→ **Task item**: Could the data below please be reproduced word for word, without the pictures?

→ **Collected data**:
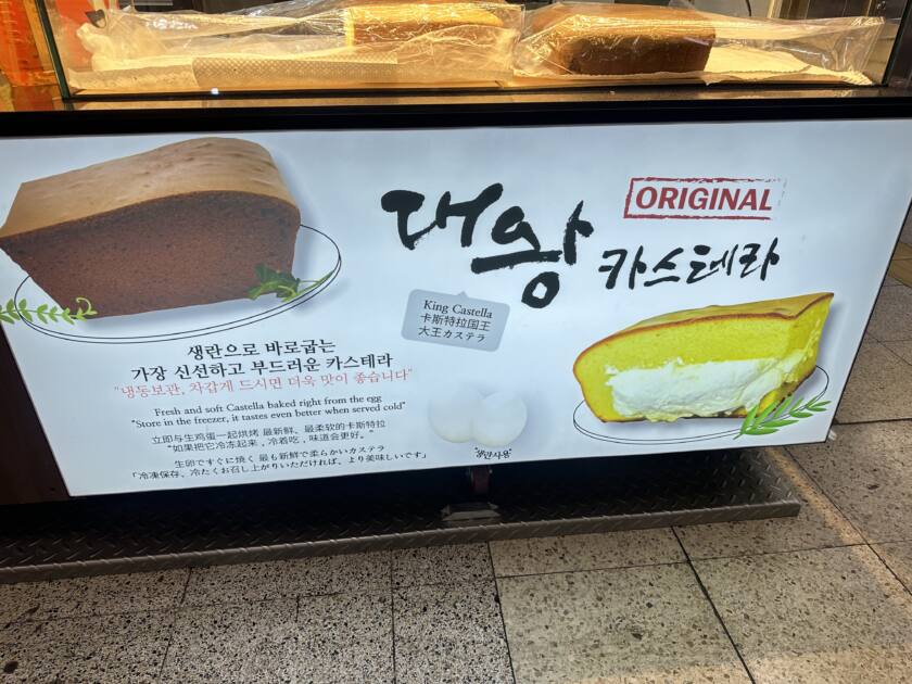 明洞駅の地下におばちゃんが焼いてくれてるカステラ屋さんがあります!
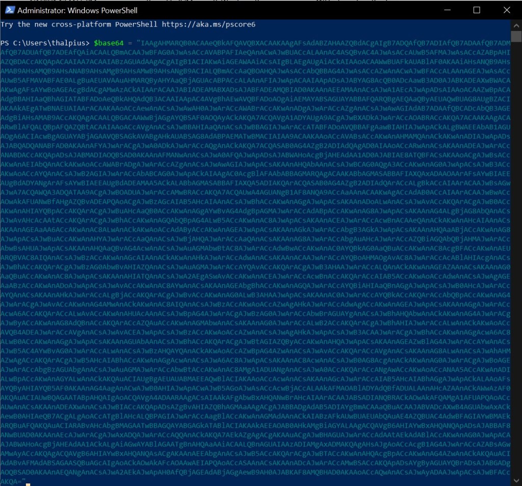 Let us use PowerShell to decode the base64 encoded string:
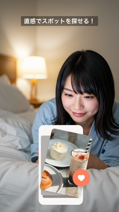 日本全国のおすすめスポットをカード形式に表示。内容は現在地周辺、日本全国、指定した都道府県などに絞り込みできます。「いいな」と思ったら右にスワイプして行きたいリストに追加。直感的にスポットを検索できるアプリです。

→ **Task answer**:
 明洞駅の地下におばちゃんが焼いてくれてるカステラ屋さんがあります!
 Let us use PowerShell to decode the base64 encoded string:
 日本全国のおすすめスポットをカード形式に表示。内容は現在地周辺、日本全国、指定した都道府県などに絞り込みできます。「いいな」と思ったら右にスワイプして行きたいリストに追加。直感的にスポットを検索できるアプリです。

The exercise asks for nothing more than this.